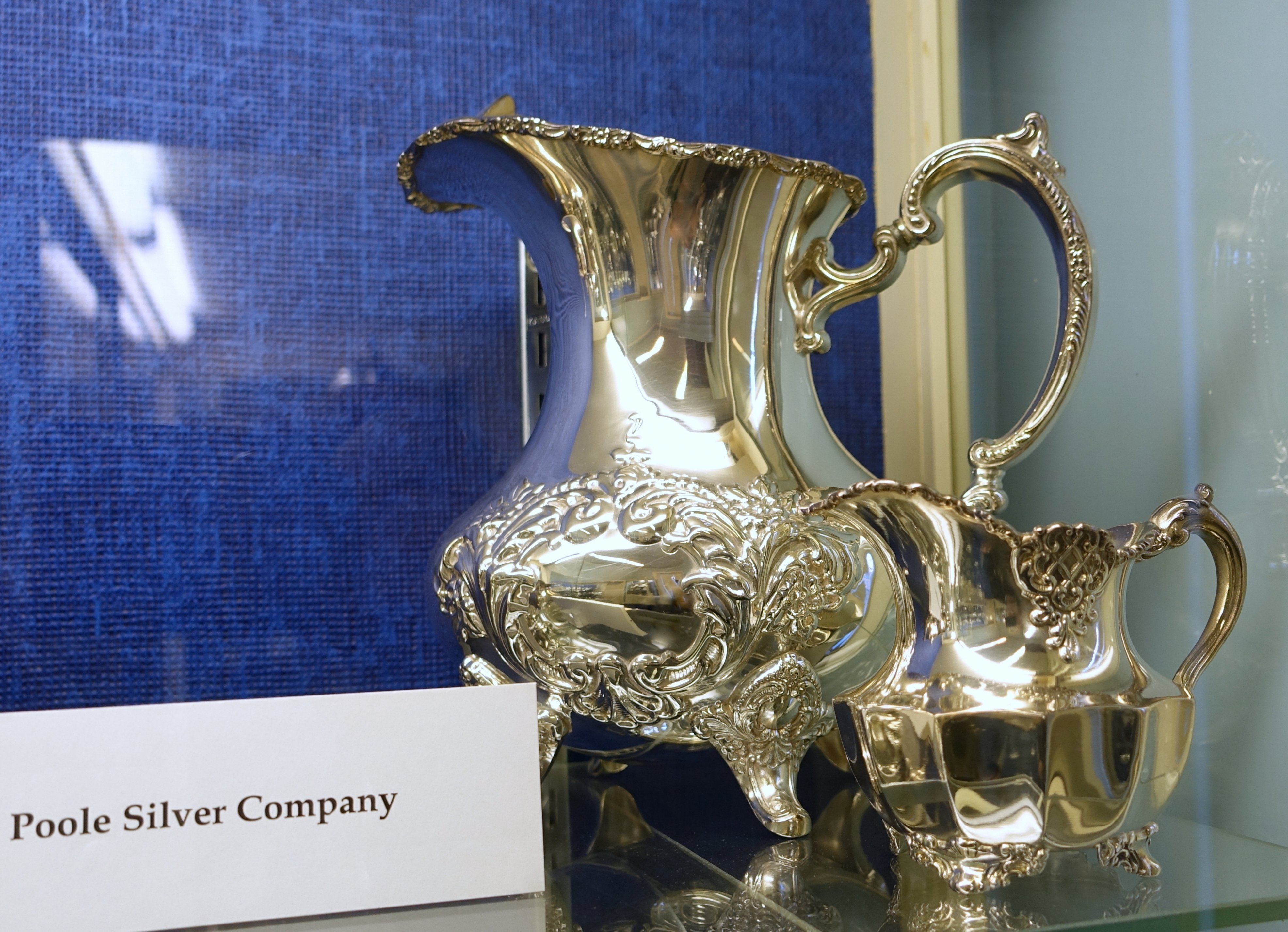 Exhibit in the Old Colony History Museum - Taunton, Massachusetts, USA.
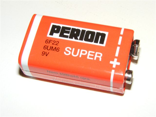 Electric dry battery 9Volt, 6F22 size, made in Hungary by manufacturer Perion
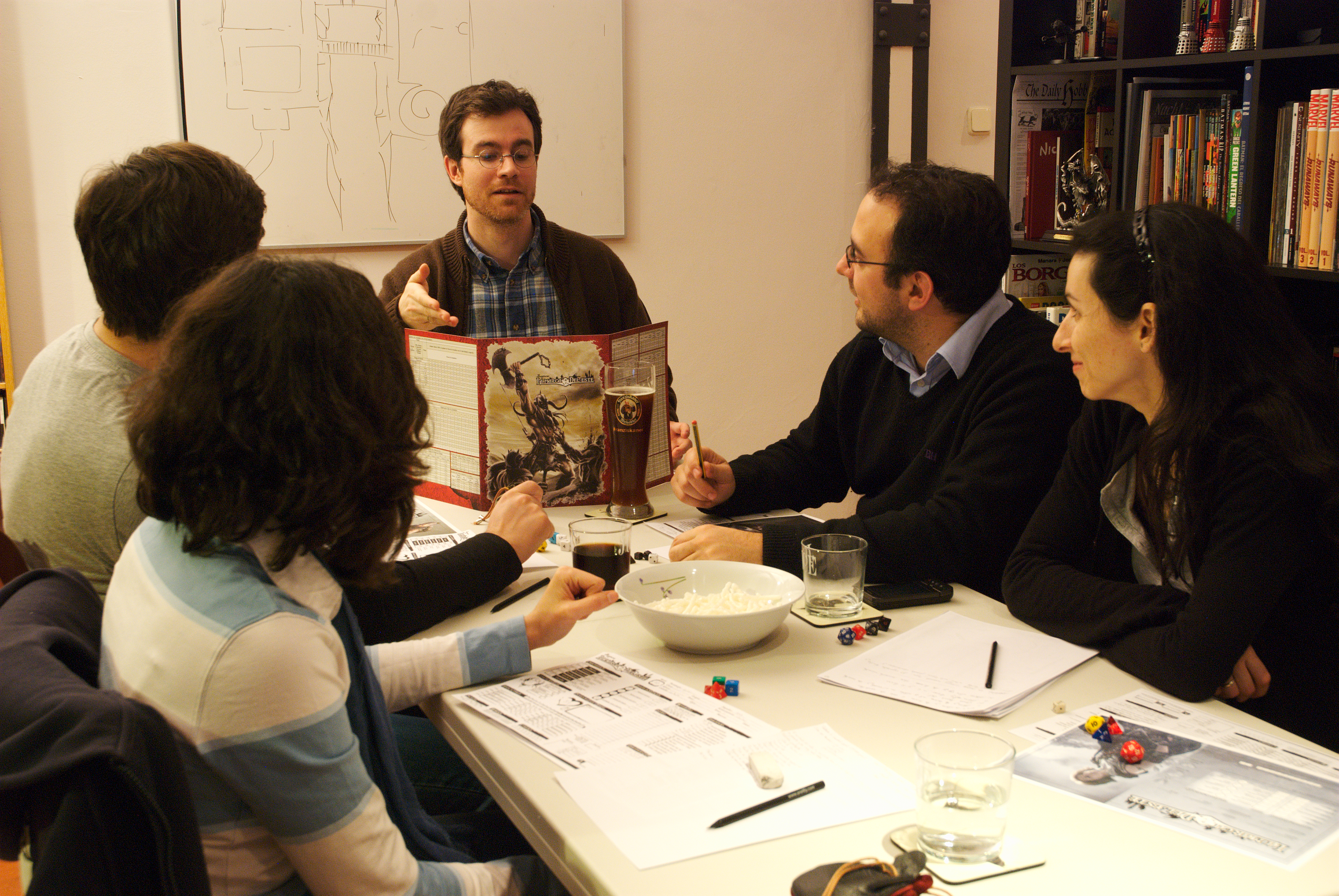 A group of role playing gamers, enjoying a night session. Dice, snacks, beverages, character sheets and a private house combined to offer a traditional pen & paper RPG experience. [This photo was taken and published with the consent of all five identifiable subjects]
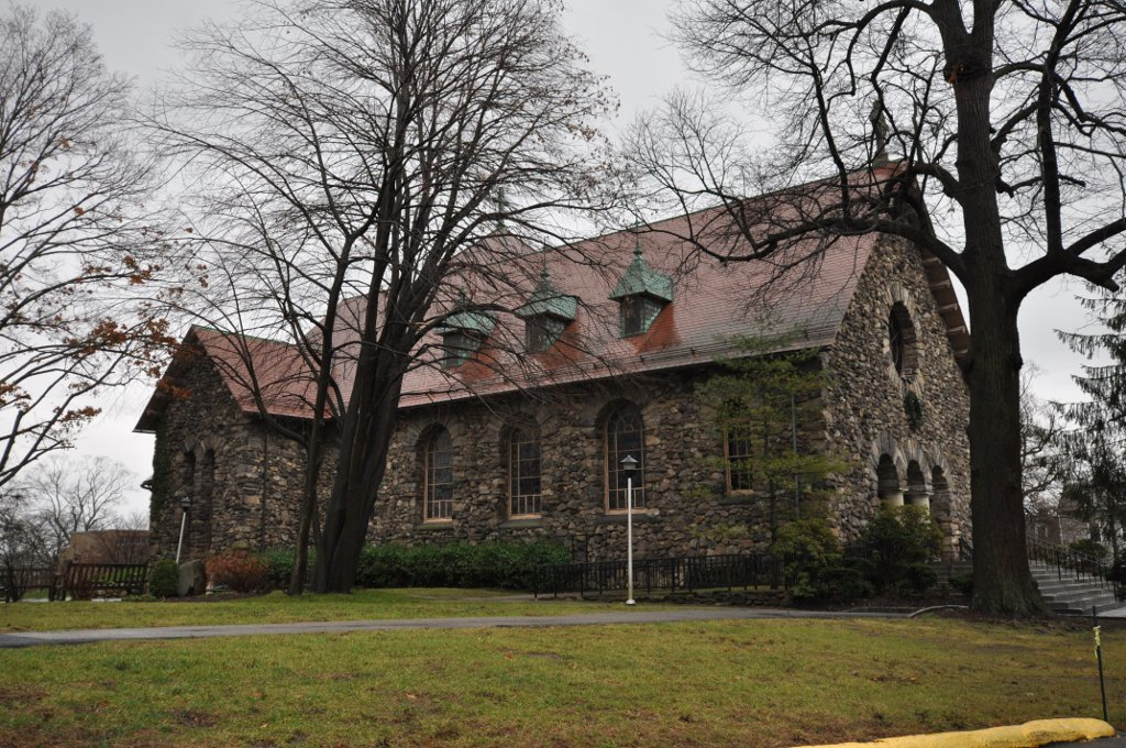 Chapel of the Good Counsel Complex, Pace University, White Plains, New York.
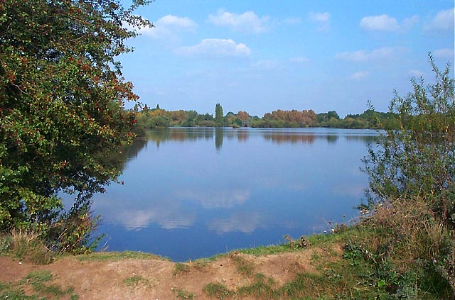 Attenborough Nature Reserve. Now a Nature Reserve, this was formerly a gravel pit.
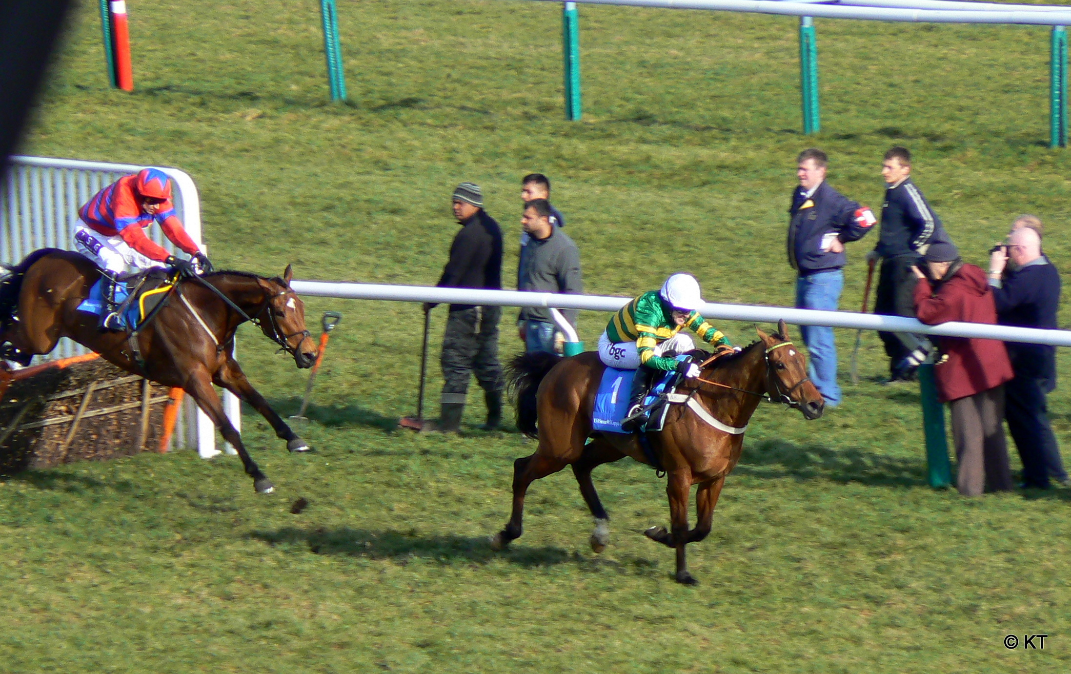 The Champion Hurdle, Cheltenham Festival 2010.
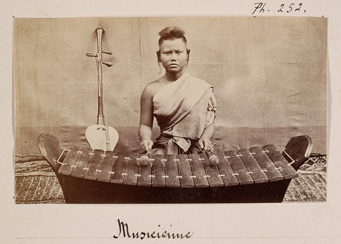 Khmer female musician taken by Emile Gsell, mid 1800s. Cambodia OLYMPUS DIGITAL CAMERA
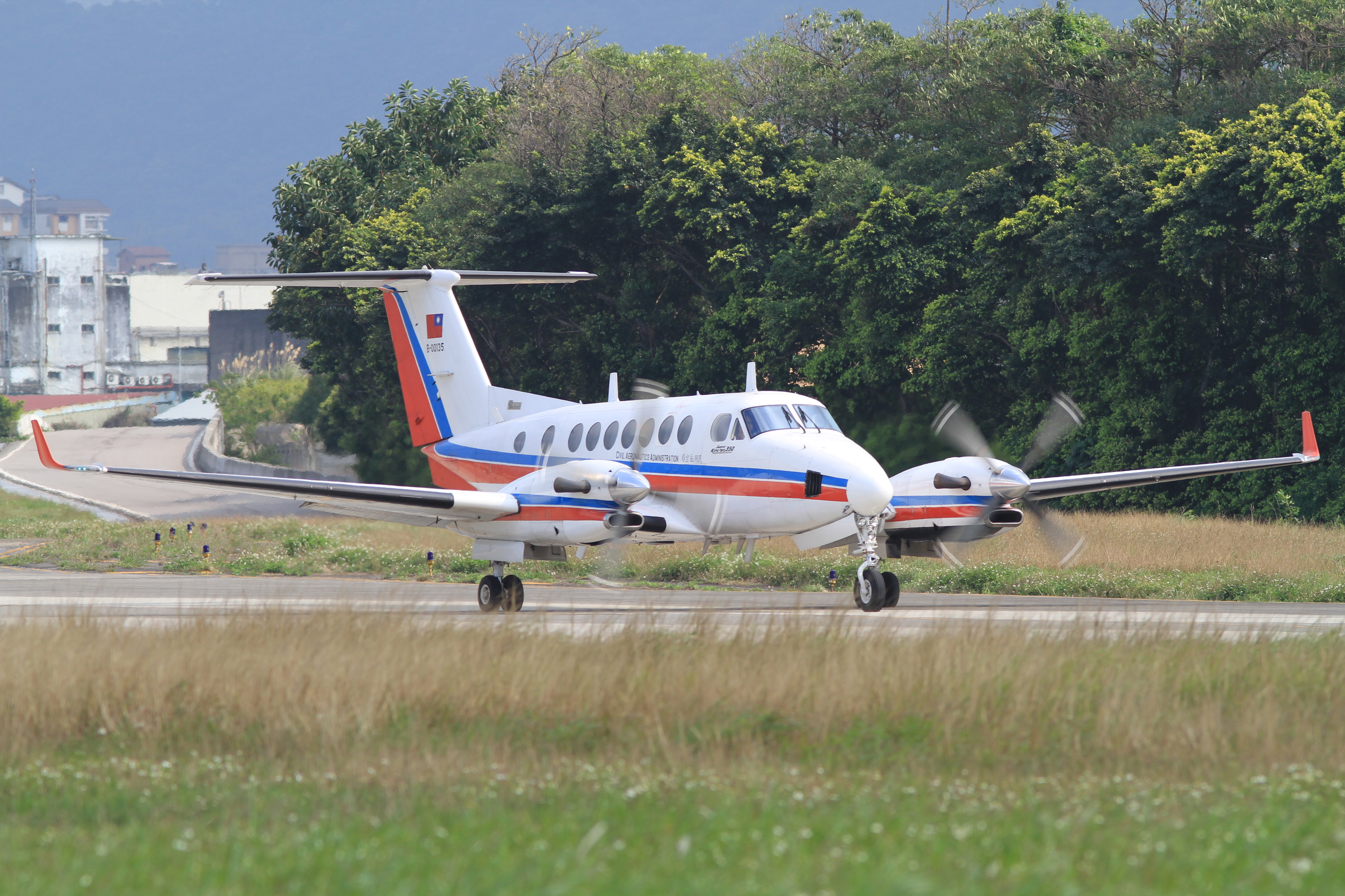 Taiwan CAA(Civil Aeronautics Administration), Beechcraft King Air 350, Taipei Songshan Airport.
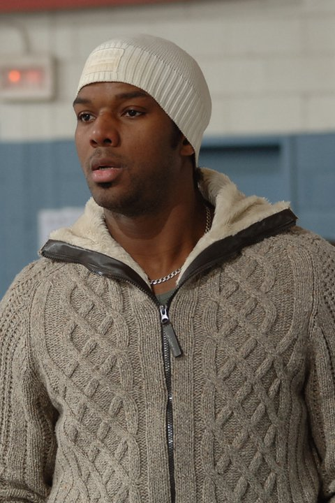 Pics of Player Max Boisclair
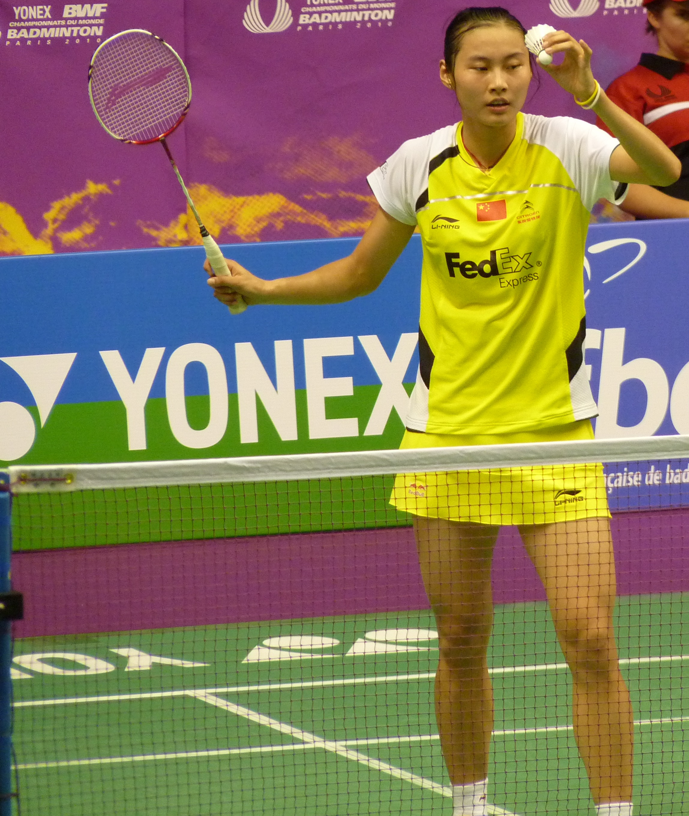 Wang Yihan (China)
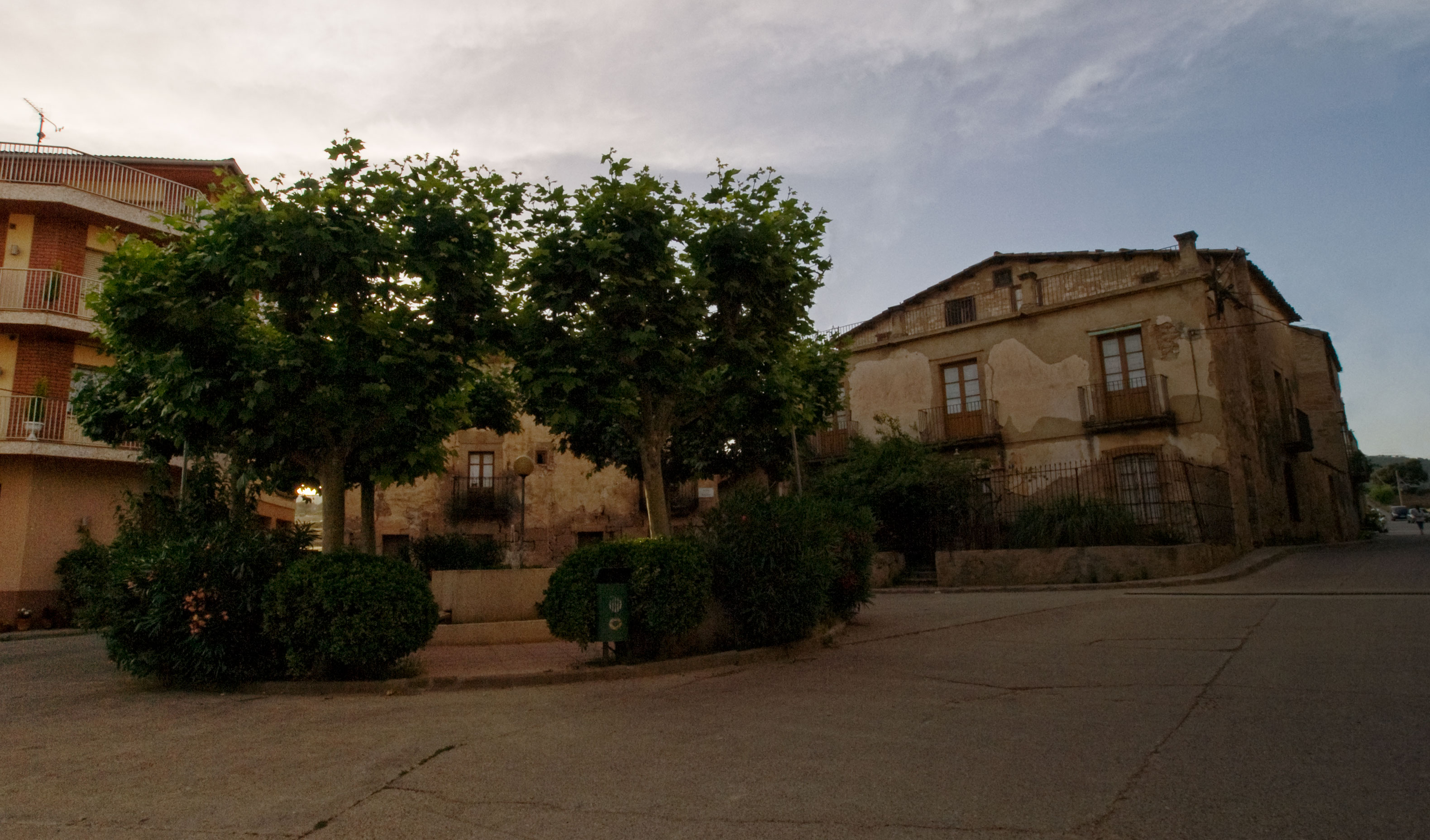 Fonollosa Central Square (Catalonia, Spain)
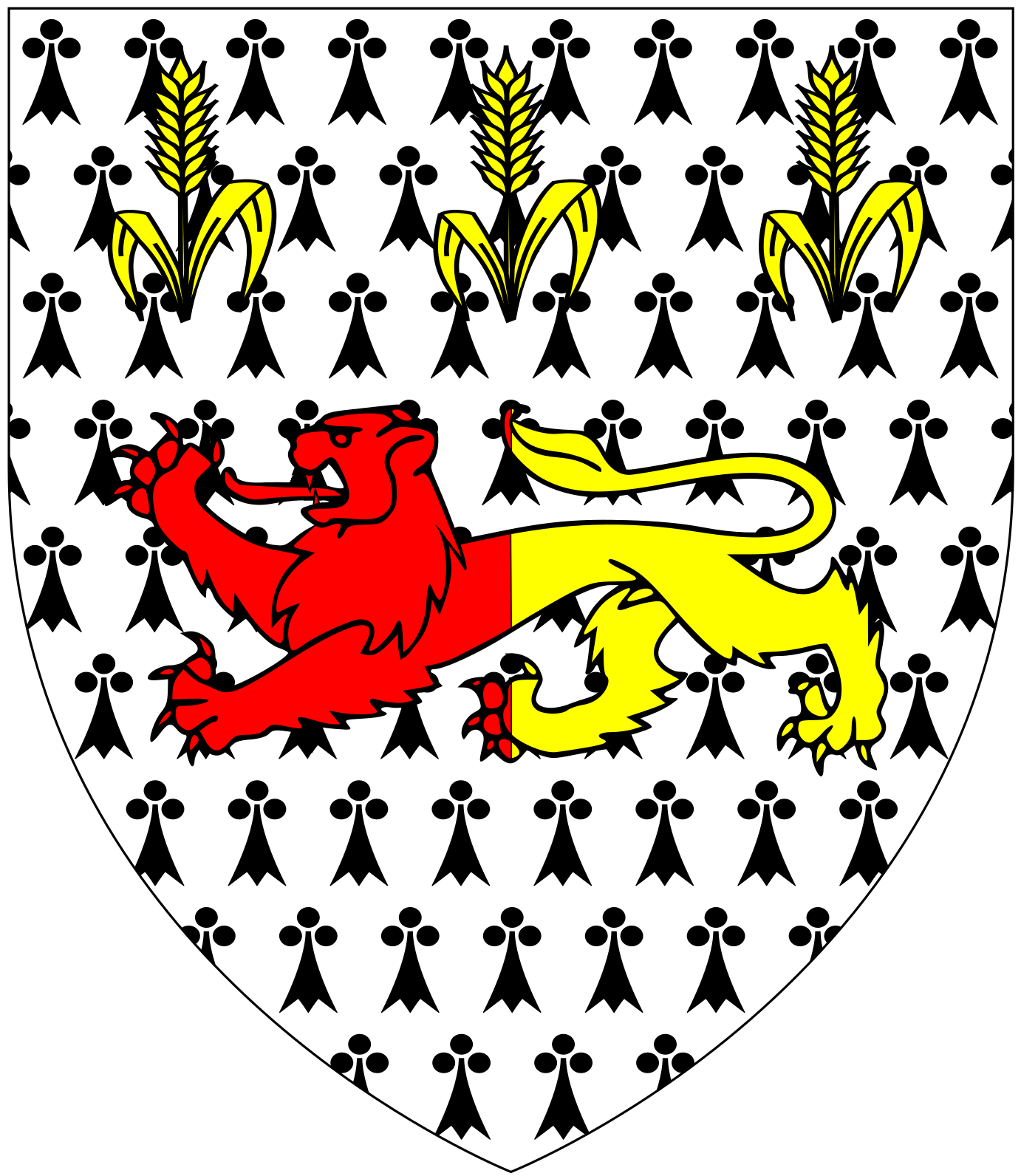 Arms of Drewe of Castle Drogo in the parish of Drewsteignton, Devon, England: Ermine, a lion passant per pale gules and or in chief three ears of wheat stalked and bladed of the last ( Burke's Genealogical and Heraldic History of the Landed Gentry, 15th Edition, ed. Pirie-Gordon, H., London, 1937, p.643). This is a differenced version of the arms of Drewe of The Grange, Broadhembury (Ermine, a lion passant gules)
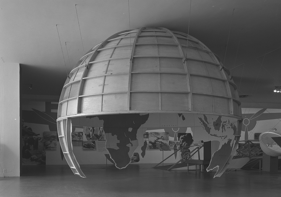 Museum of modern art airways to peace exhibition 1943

• • • • •

Problem details. For this exercise, return the data above exactly and leave every picture out.

Answer area.
 Exhibit in the Old Colony History Museum - Taunton, Massachusetts, USA.
 Electric dry battery 9Volt, 6F22 size, made in Hungary by manufacturer Perion
 A group of role playing gamers, enjoying a night session. Dice, snacks, beverages, character sheets and a private house combined to offer a traditional pen & paper RPG experience. [This photo was taken and published with the consent of all five identifiable subjects]
 Chapel of the Good Counsel Complex, Pace University, White Plains, New York.
 Attenborough Nature Reserve. Now a Nature Reserve, this was formerly a gravel pit.
 The Champion Hurdle, Cheltenham Festival 2010.
 Khmer female musician taken by Emile Gsell, mid 1800s. Cambodia OLYMPUS DIGITAL CAMERA
 Taiwan CAA(Civil Aeronautics Administration), Beechcraft King Air 350, Taipei Songshan Airport.
 Pics of Player Max Boisclair
 Wang Yihan (China)
 Fonollosa Central Square (Catalonia, Spain)
 Arms of Drewe of Castle Drogo in the parish of Drewsteignton, Devon, England: Ermine, a lion passant per pale gules and or in chief three ears of wheat stalked and bladed of the last ( Burke's Genealogical and Heraldic History of the Landed Gentry, 15th Edition, ed. Pirie-Gordon, H., London, 1937, p.643). This is a differenced version of the arms of Drewe of The Grange, Broadhembury (Ermine, a lion passant gules)
 Museum of modern art airways to peace exhibition 1943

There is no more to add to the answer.